Deshalb brach Brugsch auch nicht gerade in Begeisterungsrufe aus, als Mariette ihm, nach kurzem Austausch gegenseitiger Komplimente, empfahl, unter seinem Dach zu wohnen. Da er schon die Einladung des preußischen Generalkonsuls angenommen habe, könne er jetzt nicht gut dessen Gastfreundschaft mißachten.
»Ach?« meinte der Franzose, »meine Behausung ist Ihnen wohl nicht gut genug?«
»Doch, doch!« versicherte Brugsch, »vor allem die Nähe zu den Altertümern ist geradezu verlockend.« »Wenn Sie sich für meine Grabung interessieren, können Sie nicht täglich vier Stunden her- und vier Stunden zurückreiten.« Während er redete, griff Mariette vorsichtig zu seiner Schrotflinte, die geladen auf dem Tisch lag. Ein Knall -und vor ihnen am Boden wand sich eine Schlange in den letzten Zügen. Ohne auf den Vorfall einzugehen, fuhr Mariette fort: »Zusammen wären wir ein gutes Gespann. Ich mag ein guter Ausgräber sein, aber meine Schriftenkenntnisse sind bescheiden. Ihnen dagegen geht der Ruf voraus, der beste Schriftenexperte der Gegenwart zu sein. Also zieren Sie sich nicht länger, nehmen Sie morgen die Maultiere und holen Sie Ihr Gepäck. Einverstanden?«
Brugsch sah mit Entsetzen, wie das zahme Wildschwein die zerfetzten Schlangenreste verzehrte, und wagte nicht zu widersprechen. Wenn die Chance bestand, an irgendwelche Funde heranzukommen, dann war es hier. In diesem Augenblick trat Bonnefoy ein. »Mon ami Monsieur Brugsch aus Berlin«, stellte der Ausgräber seinen Gast vor. »Ah, Monsieur ist Preuße«, antwortete der Assistent verblüfft.

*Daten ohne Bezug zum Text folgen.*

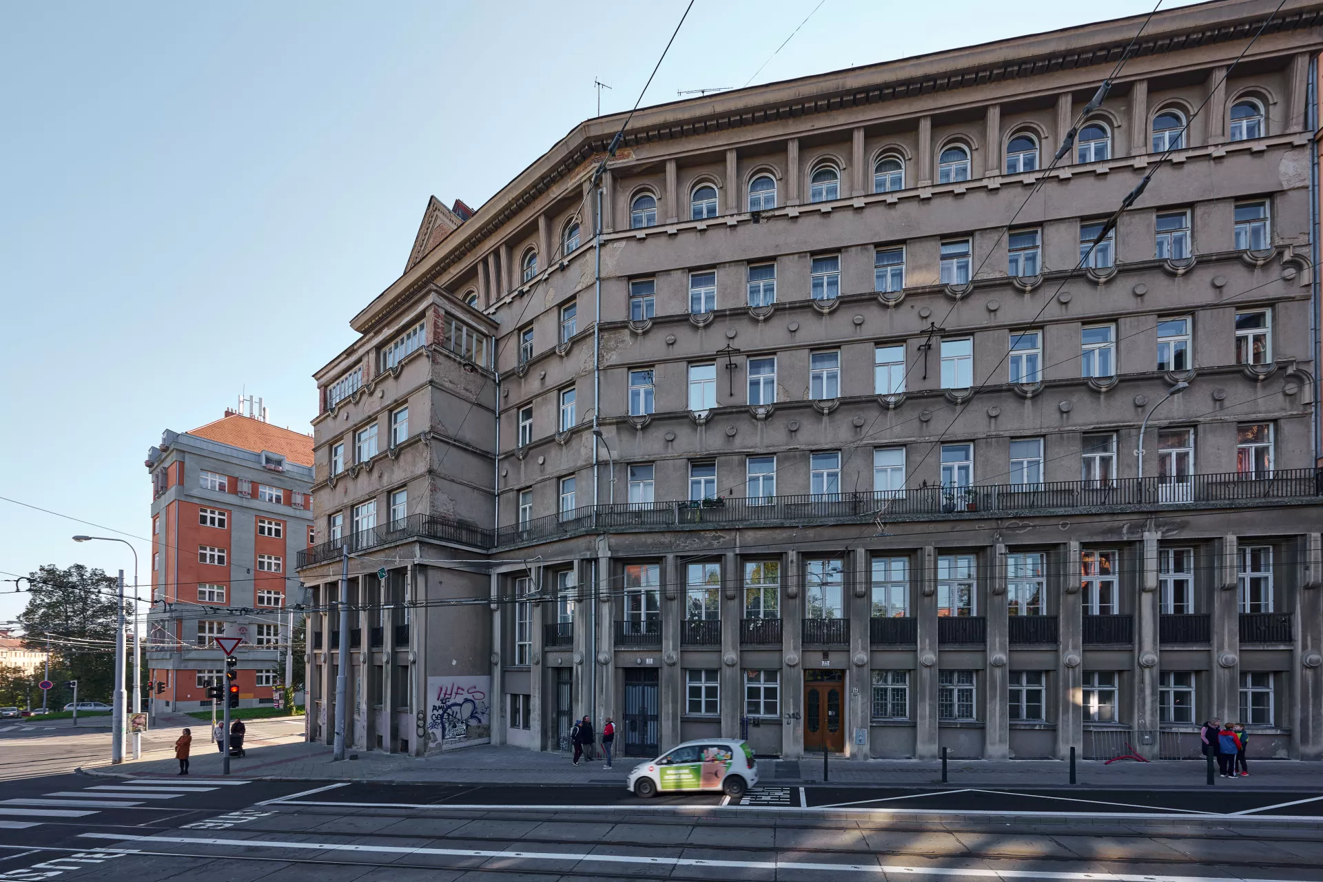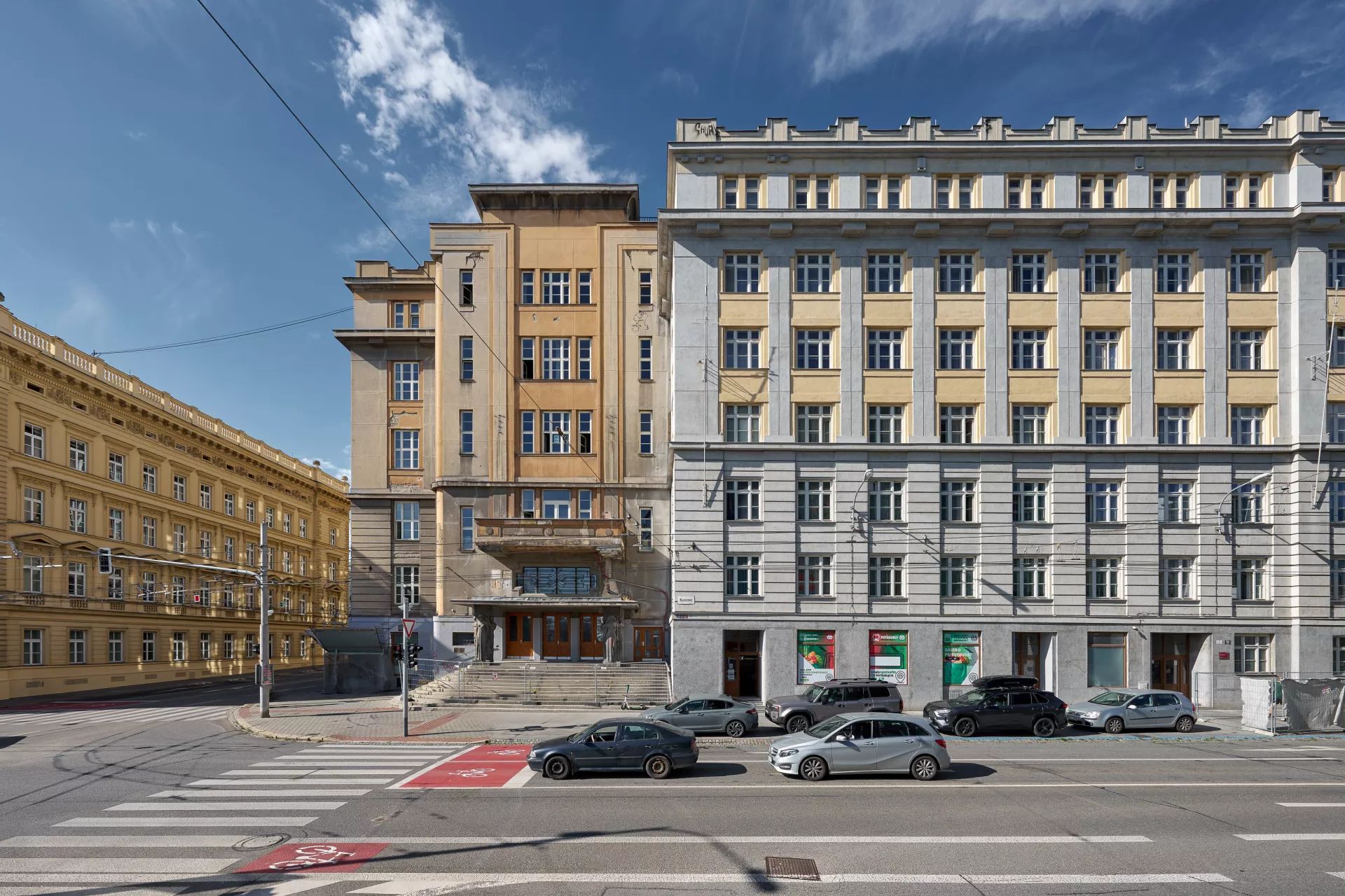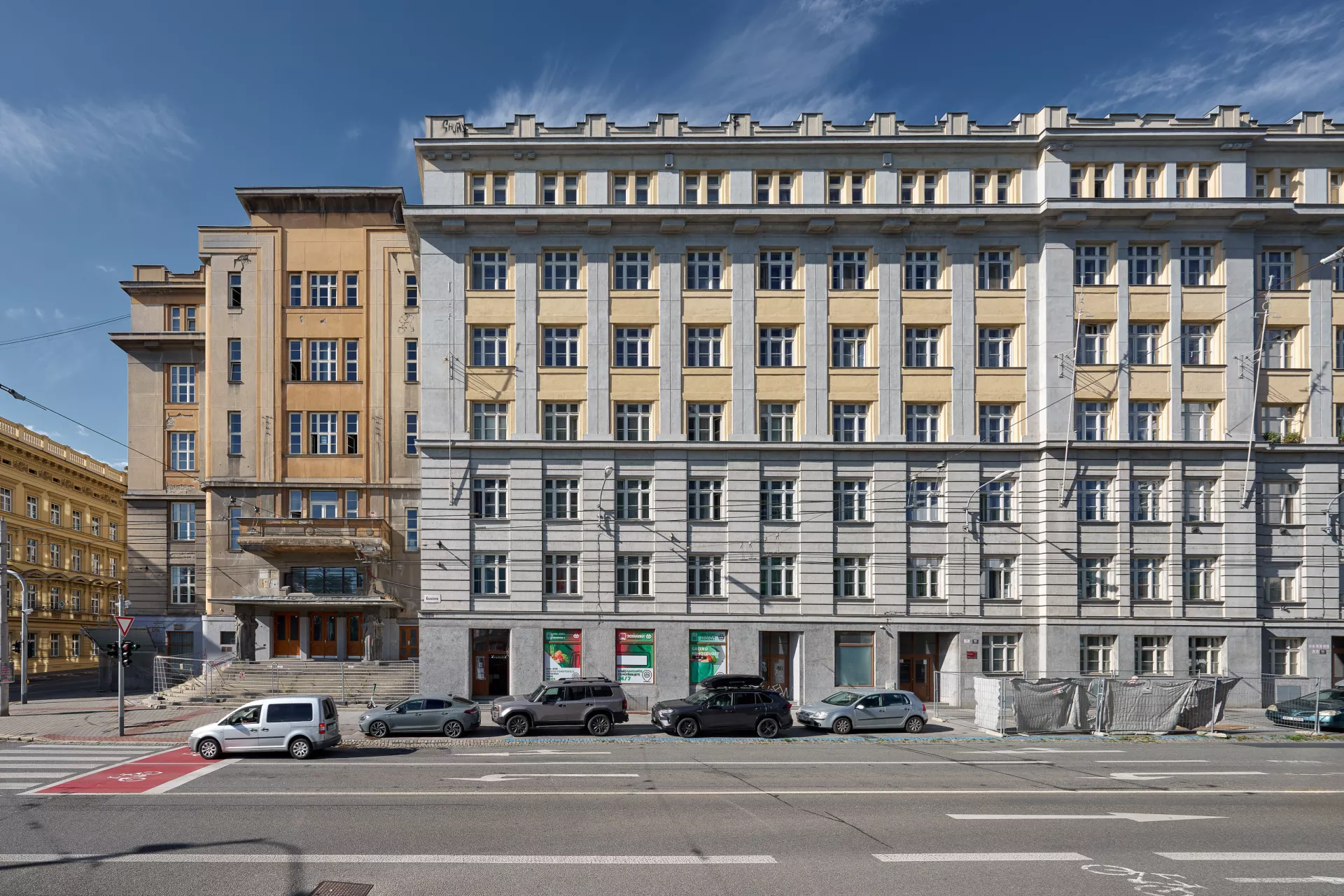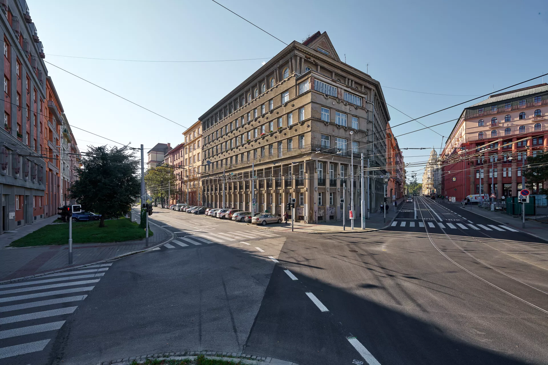 In 1921 the General Pension Institute opened an architectural competition for its new administrative building, which was intended to comprise part of the newly formed urban complex on the corner of Nerudova and Kounicova streets. The winner was Oldřich Liska, an architect from Hradec Králové; however, for unknown reasons, the contract was awarded to Jindřich Kumpošt, who also designed the opposite building for the District Sickness Fund in the same year. Both designs were intended for the corner location and their A-shaped ground plans consisting of two wings and a connecting corridor are nearly identical. The location of the round volumes of the staircases in the inner block is also identical and was favoured in Kumpošt's others designs of that period. However, the entrance lobby of the Pensions Institute is not located on the corner, but in the shorter wing in Nerudova Street. The facade with its prominent horizontal segmentation by running ledges and round relief elements approaches the aesthetics of rondo-cubism. Like the building of the Sickness Fund opposite, this building was also built using state subsidies under the Building Act. Therefore, the project assignment called only for offices on the ground floor, with the rest of the building designated for residential purposes. And yet, the investor required that the apartments be designed so that they could be easily converted into offices when the need arose. PH

Darauf Mariette: »Gewiß! Aber ein Preuße nach meinem Herzen!« Und damit war das Thema ein für allemal erledigt. »Bonnefoy«, sagte Mariette und machte eine Verneigung vor Brugsch, »wir wollen unseren Freund heute abend im Serapis-Tempel würdig empfangen.« Und dabei zwinkerte er mit einem Auge.
»Ich verstehe«, antwortete dieser, »ich werde das Nötige veranlassen«, drehte sich um und verschwand.